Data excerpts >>

****************************************

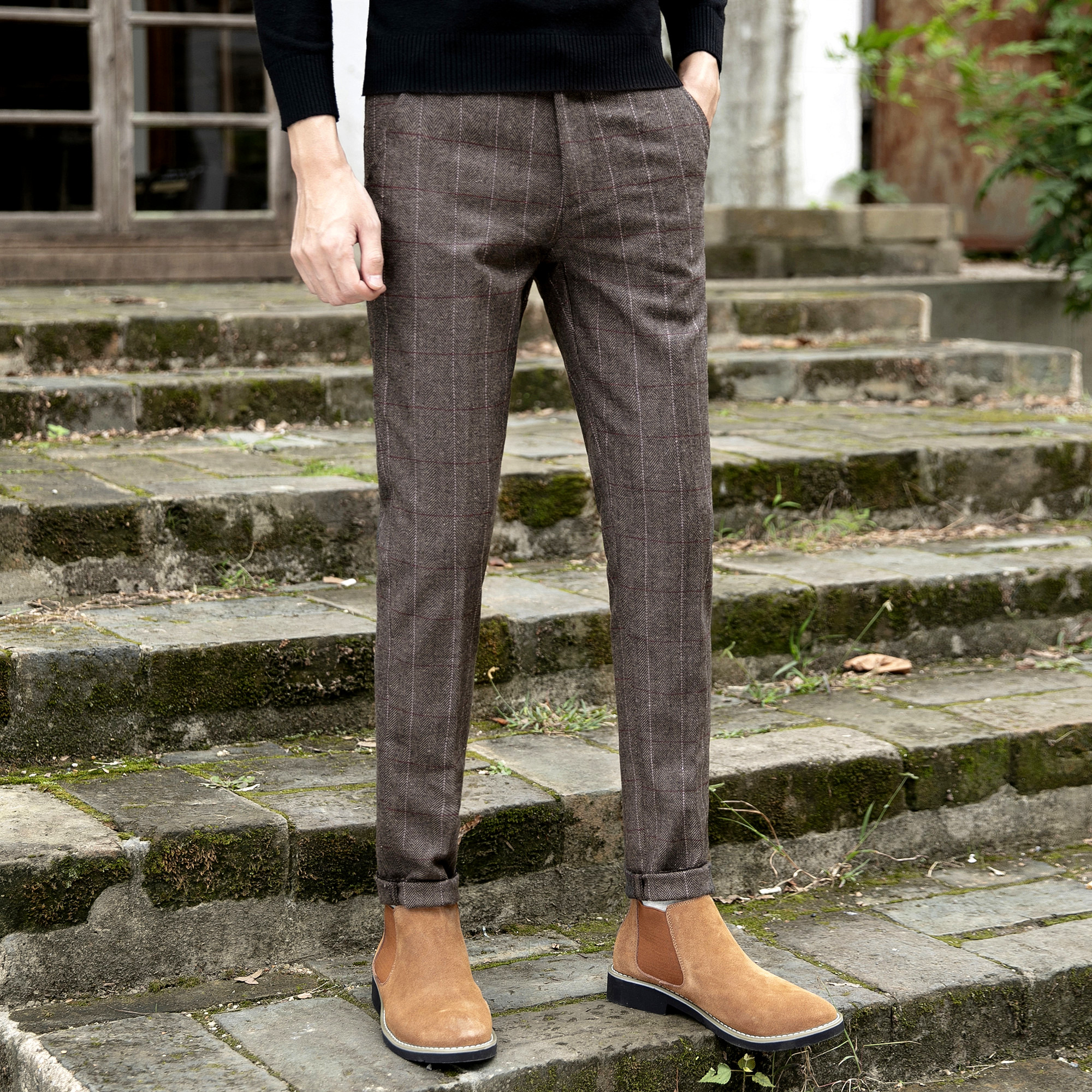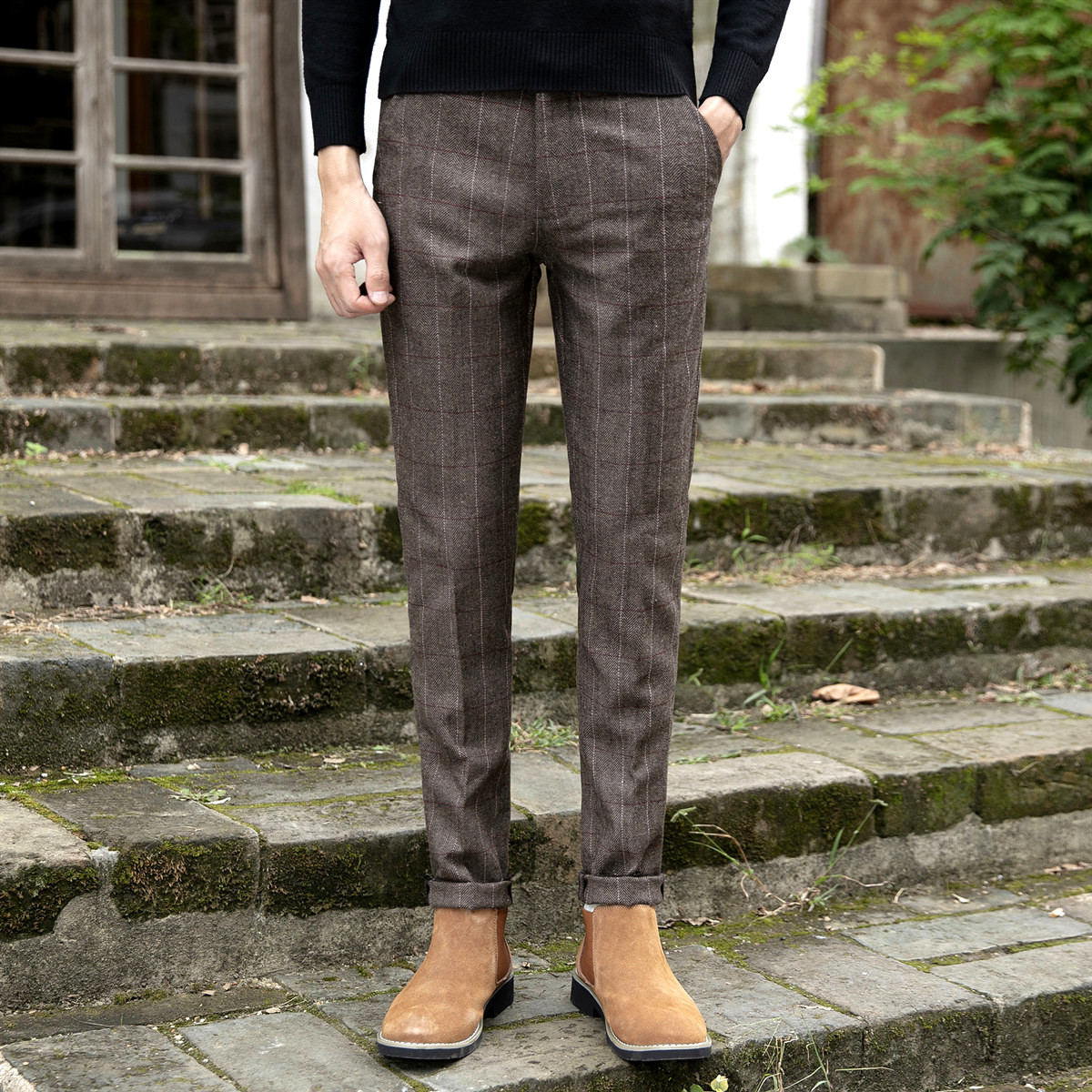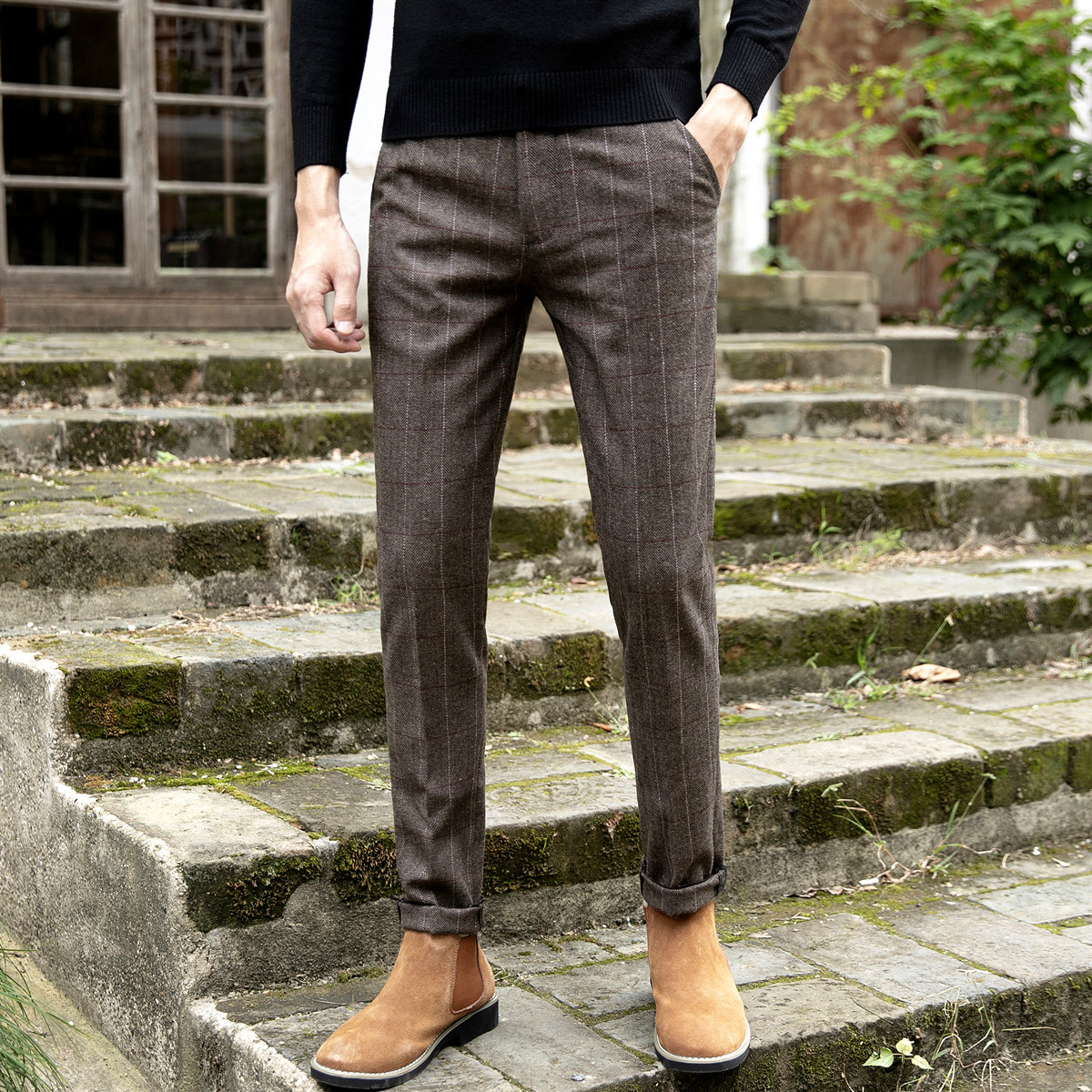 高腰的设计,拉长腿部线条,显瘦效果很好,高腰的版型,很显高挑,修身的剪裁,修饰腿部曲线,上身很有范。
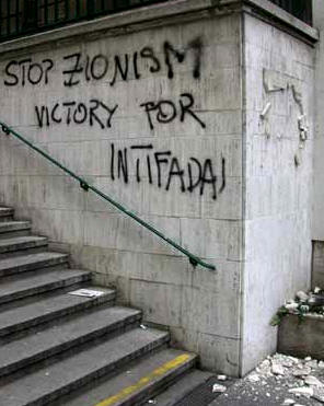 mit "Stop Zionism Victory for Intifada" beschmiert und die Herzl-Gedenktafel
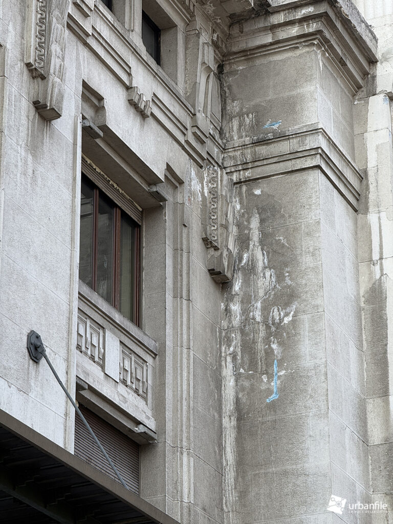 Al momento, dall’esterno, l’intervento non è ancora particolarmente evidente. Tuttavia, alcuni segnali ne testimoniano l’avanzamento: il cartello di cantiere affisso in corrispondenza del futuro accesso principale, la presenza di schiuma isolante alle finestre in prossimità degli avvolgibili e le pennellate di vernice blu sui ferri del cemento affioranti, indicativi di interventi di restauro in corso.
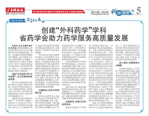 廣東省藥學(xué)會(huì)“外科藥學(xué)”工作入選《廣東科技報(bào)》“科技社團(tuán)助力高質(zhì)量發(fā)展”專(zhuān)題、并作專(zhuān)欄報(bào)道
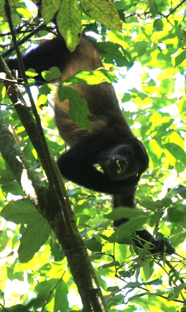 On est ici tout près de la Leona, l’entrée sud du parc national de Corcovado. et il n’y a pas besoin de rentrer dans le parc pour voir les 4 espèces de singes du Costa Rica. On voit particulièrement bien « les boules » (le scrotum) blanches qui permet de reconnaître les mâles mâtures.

****************************************

Word for word, print out all of the records above; pass over the pictures.

 高腰的设计,拉长腿部线条,显瘦效果很好,高腰的版型,很显高挑,修身的剪裁,修饰腿部曲线,上身很有范。
 mit "Stop Zionism Victory for Intifada" beschmiert und die Herzl-Gedenktafel
 Al momento, dall’esterno, l’intervento non è ancora particolarmente evidente. Tuttavia, alcuni segnali ne testimoniano l’avanzamento: il cartello di cantiere affisso in corrispondenza del futuro accesso principale, la presenza di schiuma isolante alle finestre in prossimità degli avvolgibili e le pennellate di vernice blu sui ferri del cemento affioranti, indicativi di interventi di restauro in corso.
 廣東省藥學(xué)會(huì)“外科藥學(xué)”工作入選《廣東科技報(bào)》“科技社團(tuán)助力高質(zhì)量發(fā)展”專(zhuān)題、并作專(zhuān)欄報(bào)道
 On est ici tout près de la Leona, l’entrée sud du parc national de Corcovado. et il n’y a pas besoin de rentrer dans le parc pour voir les 4 espèces de singes du Costa Rica. On voit particulièrement bien « les boules » (le scrotum) blanches qui permet de reconnaître les mâles mâtures.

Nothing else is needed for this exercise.